AI on the edge
ASU researcher Hokeun Kim awarded grant to make edge devices safer and smarter
How many light bulbs does it take to change a computer scientist?
In a recent episode of Hulu’s smash hit, “A Murder at the End of the World,” a programmer played by Emma Corrin successfully hacks a hotel’s computer network using information stored on the chip of a smart light bulb, gaining access to guest information, camera feeds and security systems.
Scenarios such as this are becoming increasingly possible thanks to our growing reliance on edge devices — small electronics such as cell phones, doorbell cameras and alarm sensors — that work mainly to transmit data across a network or to the cloud.
Hokeun Kim, an assistant professor of computer science in the Ira A. Fulton Schools of Engineering at Arizona State University, was recently awarded a grant from ATTO Research to help edge devices learn from user data while keeping information safe.
“Historically, edge devices were fairly secure,” says Kim, a faculty member in the School of Computing and Augmented Intelligence, part of the Fulton Schools. “The devices were performing basic functions and transmitting information to data centers where most of the real work was being done. These centers are managed by experts who provide multiple layers of data protection.”
However, edge devices are getting more powerful and storing increased amounts of sensitive data on the devices themselves. For example, smart light bulbs must encode critical information, such as usernames and passwords, on their chips. This allows them to connect to Bluetooth networks to be used remotely. These edge devices are not under the control of computer engineers, yet they are everywhere in homes and businesses and often left unsecured and unsupervised.
Such devices are also becoming capable of artificial intelligence, or AI. A tiny, single-board computer no larger than the palm of your hand, such as a Raspberry Pi, has enough processing power to run a type of AI called a large language model, or LLM, directly on the device. ChatGPT is a popular example of an LLM.
Edge devices are working harder and smarter
But who will determine how edge devices learn? Who will keep them secure? And who is making sure that hackers can’t steal your identity by stealing your lightbulb?
As part of his grant, Kim will work with ATTO Research, a leading company specializing in software-defined infrastructure, or SDI, tailored for research and development in establishing smart city infrastructure and operation systems. The South Korean firm brings expertise in network architecture and a strong interest in machine learning. With innovative SDI technology, the company engages in various sectors, including data centers, private and public IT infrastructure, educational institution networks and administrative information communication networks.

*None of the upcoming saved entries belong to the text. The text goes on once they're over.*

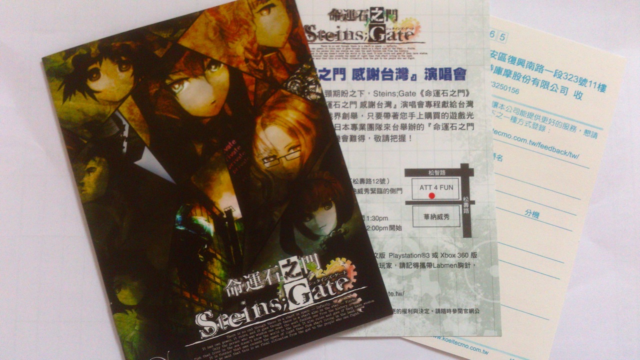 光碟的外觀沒有什麼差別,內附一本非常薄的中文說明書以及「命運石之門 感謝台灣」演唱會的資訊和光榮代理遊戲一貫會有的意見表。
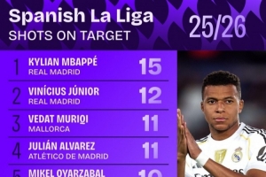 24直播网10月7日讯 日前,Squawka统计了本赛季西甲射正次数排行,姆巴佩15次居首。
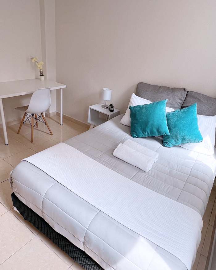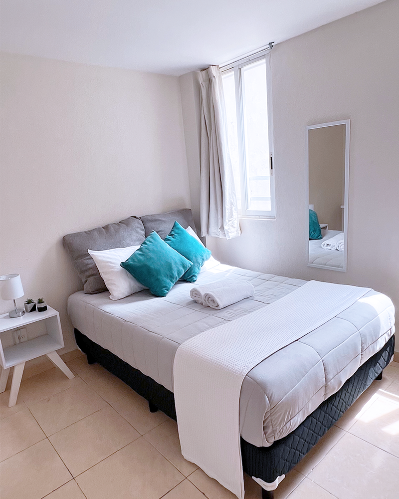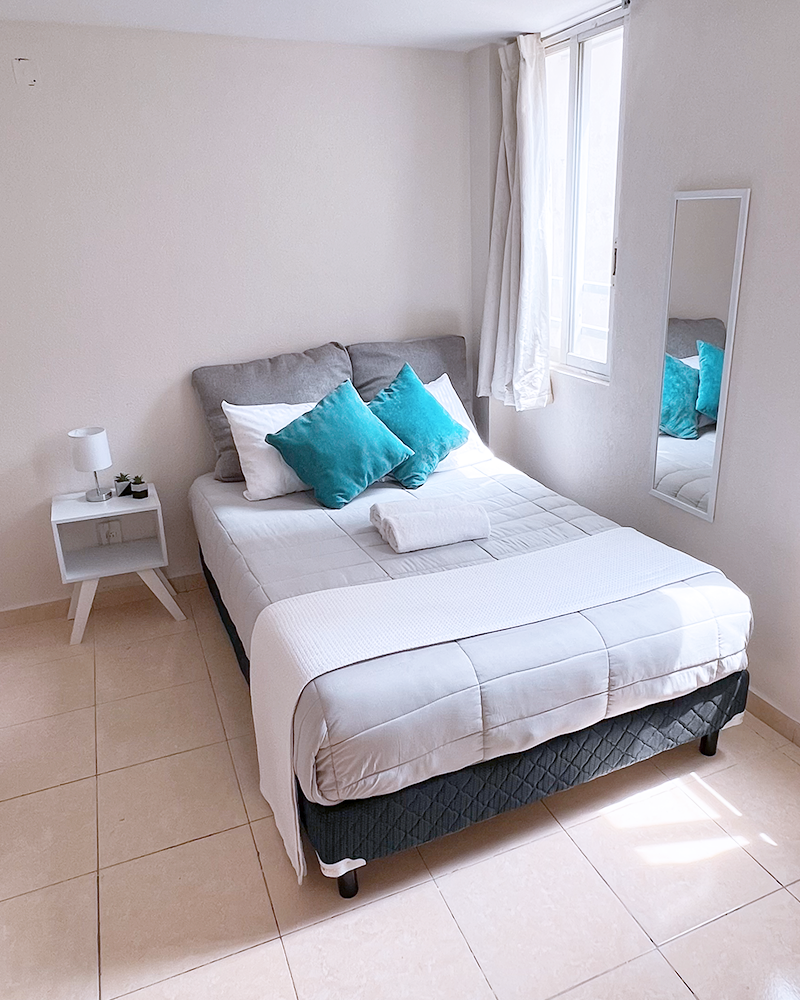La habitación cuenta con Cama Matrimonial , Clóset, Mesita Auxiliar, Escritorio

The grant aims to create a middleware solution that will provide tools to edge developers, helping them ensure that devices are both smart and secure.
Kim’s work will design a platform for secure federated learning, a kind of AI where edge devices can learn on their own and then share the results with other devices without exposing the original data that was gathered.
The project will involve creating application program interfaces and code libraries that will help developers make software that allows edge devices to harness the power of AI while preserving the privacy of the datasets. Kim’s work is especially novel because he’s not trying to reinvent the wheel; his solution plays alongside current security standards that engineers already use.
“We’re not seeking to develop new standards,” he says. “Rather, we want to integrate existing standards and cryptography protocols so these can be used for federated learning on edge devices in an efficient way while not losing any security guarantees.”
Devices learn to defend data
Kim believes that secure federated learning has the potential to provide incredible benefits. For instance, doctors treating patients suffering from a specific kind of cancer might enter each patient’s information into an edge device. That device could learn about the disease and share its conclusions with other doctors or hospitals without ever sharing any personal medical information.
The first application of the work will be used in an ATTO Research project to build hospital infrastructures, which includes a plan to install small, AI devices in each treatment room.
“For artificial intelligence to be effective, it must learn from medical records collected by individual devices,” says Byeonghag Seong, head of technical research at ATTO. “So, together with Kim, we started researching ways to conduct machine learning without sending personal information to other organizations.”
Kim adds, “These AI federated learning models could be useful for predicting or diagnosing certain diseases. Edge devices would let doctors collaboratively work with other hospitals, for example, without revealing sensitive patient data.”
His work also has innovative potential applications in technology being deployed in smart cities as well as for use on edge devices used by law enforcement and the military.
“Small electronics and edge devices will continue to become more ubiquitous,” says Ross Maciejewski, director of the School of Computing and Augmented Intelligence. “As they do, Kim’s work will pay rich dividends, letting these devices harness the power of AI while keeping sensitive data safe.”
“The way forward,” Kim says, “is for machines to be able to share what they have learned, to share information — but not your information.”